● **Excerpted data**

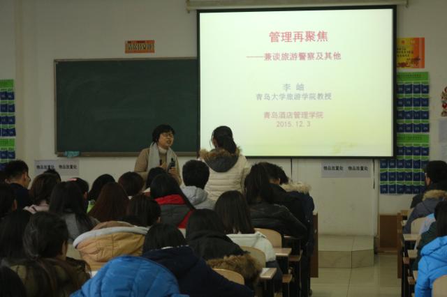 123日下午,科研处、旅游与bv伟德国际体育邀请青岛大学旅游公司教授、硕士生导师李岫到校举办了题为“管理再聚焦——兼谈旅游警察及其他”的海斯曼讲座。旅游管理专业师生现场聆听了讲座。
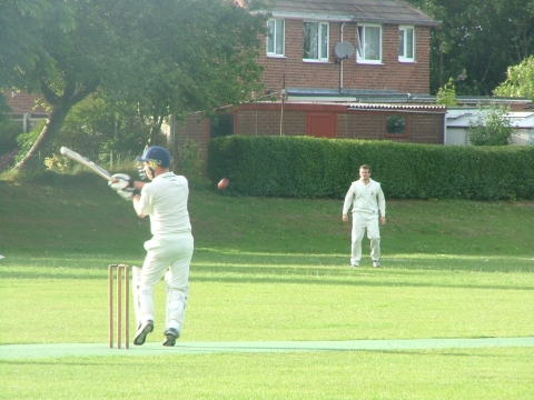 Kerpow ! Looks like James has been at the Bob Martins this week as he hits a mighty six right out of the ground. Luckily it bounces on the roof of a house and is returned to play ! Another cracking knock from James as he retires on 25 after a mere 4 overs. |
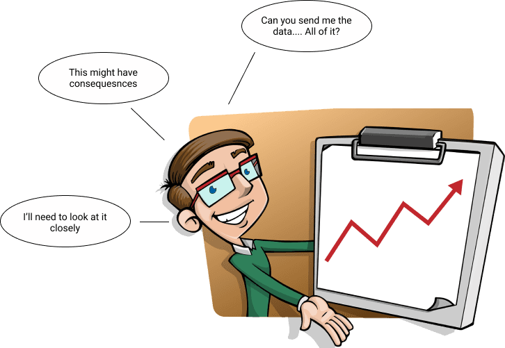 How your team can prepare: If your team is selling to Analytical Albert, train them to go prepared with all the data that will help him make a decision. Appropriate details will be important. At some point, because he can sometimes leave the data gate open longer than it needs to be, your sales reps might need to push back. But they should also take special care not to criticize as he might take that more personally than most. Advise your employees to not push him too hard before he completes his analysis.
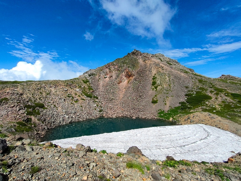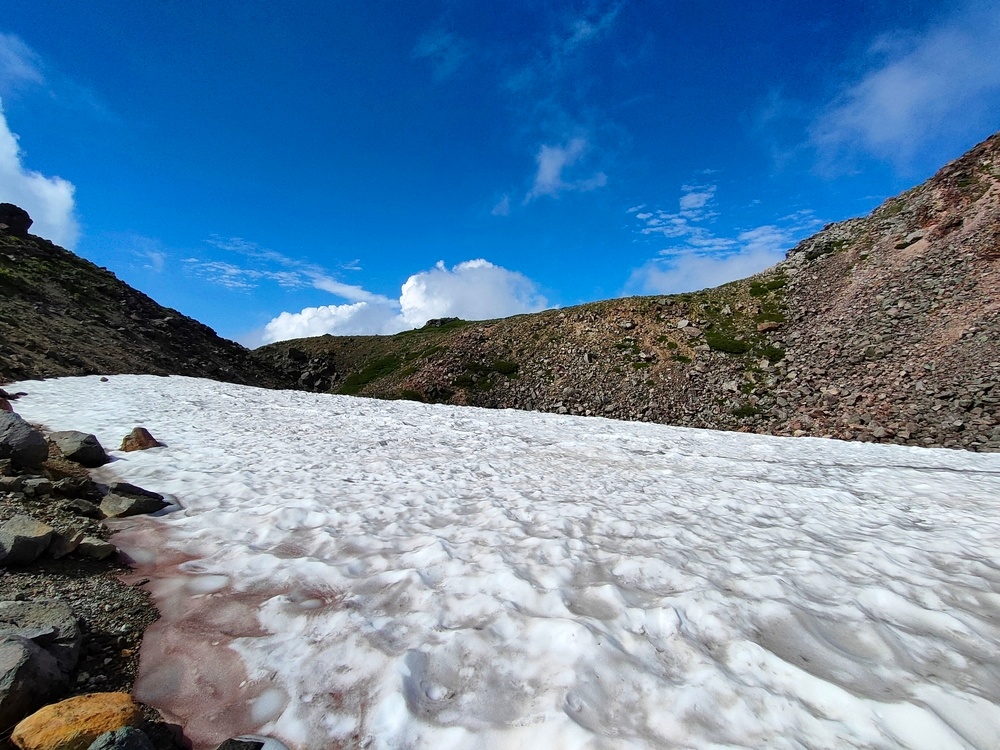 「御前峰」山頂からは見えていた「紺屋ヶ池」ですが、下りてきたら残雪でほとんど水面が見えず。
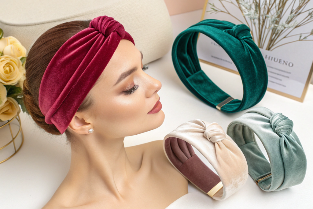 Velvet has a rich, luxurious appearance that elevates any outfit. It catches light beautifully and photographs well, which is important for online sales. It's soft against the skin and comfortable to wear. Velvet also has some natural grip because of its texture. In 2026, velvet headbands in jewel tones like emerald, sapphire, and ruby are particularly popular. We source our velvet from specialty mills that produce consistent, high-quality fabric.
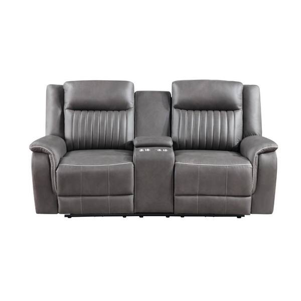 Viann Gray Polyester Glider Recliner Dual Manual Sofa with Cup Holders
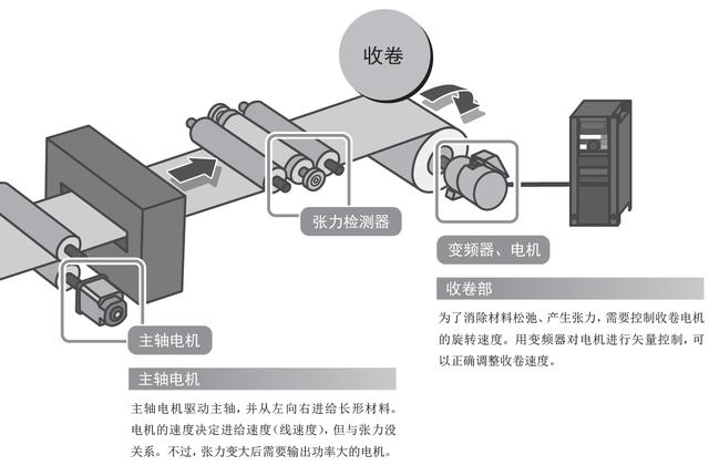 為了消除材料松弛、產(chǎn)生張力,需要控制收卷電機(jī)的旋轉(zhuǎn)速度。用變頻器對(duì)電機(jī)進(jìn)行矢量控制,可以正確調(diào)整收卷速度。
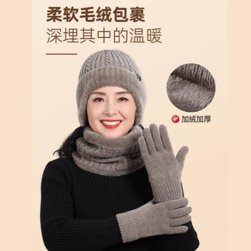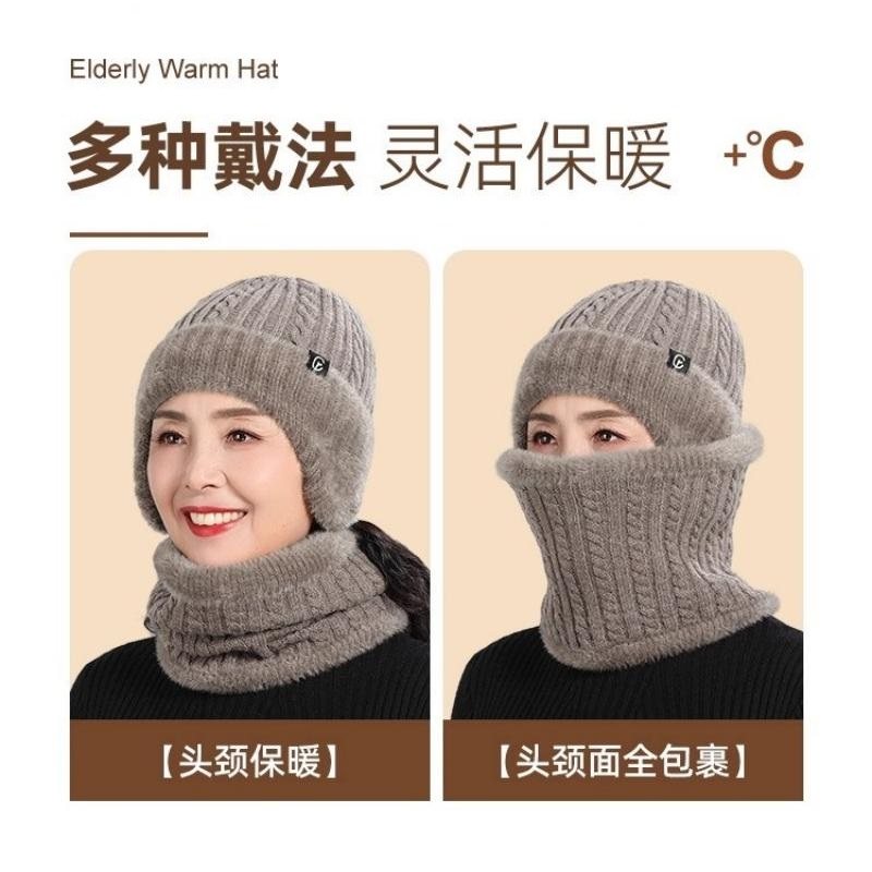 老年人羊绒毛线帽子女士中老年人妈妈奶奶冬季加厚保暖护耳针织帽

==

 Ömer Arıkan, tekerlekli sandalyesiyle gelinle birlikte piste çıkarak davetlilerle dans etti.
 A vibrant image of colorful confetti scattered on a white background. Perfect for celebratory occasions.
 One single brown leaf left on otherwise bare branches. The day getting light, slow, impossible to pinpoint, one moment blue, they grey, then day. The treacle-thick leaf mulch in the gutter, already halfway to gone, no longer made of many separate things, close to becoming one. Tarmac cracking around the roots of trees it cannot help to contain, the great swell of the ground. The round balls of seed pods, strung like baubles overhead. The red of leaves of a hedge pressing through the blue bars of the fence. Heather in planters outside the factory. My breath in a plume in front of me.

● **Your goal**
Repeat exactly the lines above, from the line that contains "為了消除材料松弛、產(chǎ" down through the line that contains "老年人羊绒毛线帽子女士中老年人妈妈奶奶冬季加厚保暖护耳针织帽". Include both of those lines and none of the pictures.

● **Output for this task**
 為了消除材料松弛、產(chǎn)生張力,需要控制收卷電機(jī)的旋轉(zhuǎn)速度。用變頻器對(duì)電機(jī)進(jìn)行矢量控制,可以正確調(diào)整收卷速度。
 老年人羊绒毛线帽子女士中老年人妈妈奶奶冬季加厚保暖护耳针织帽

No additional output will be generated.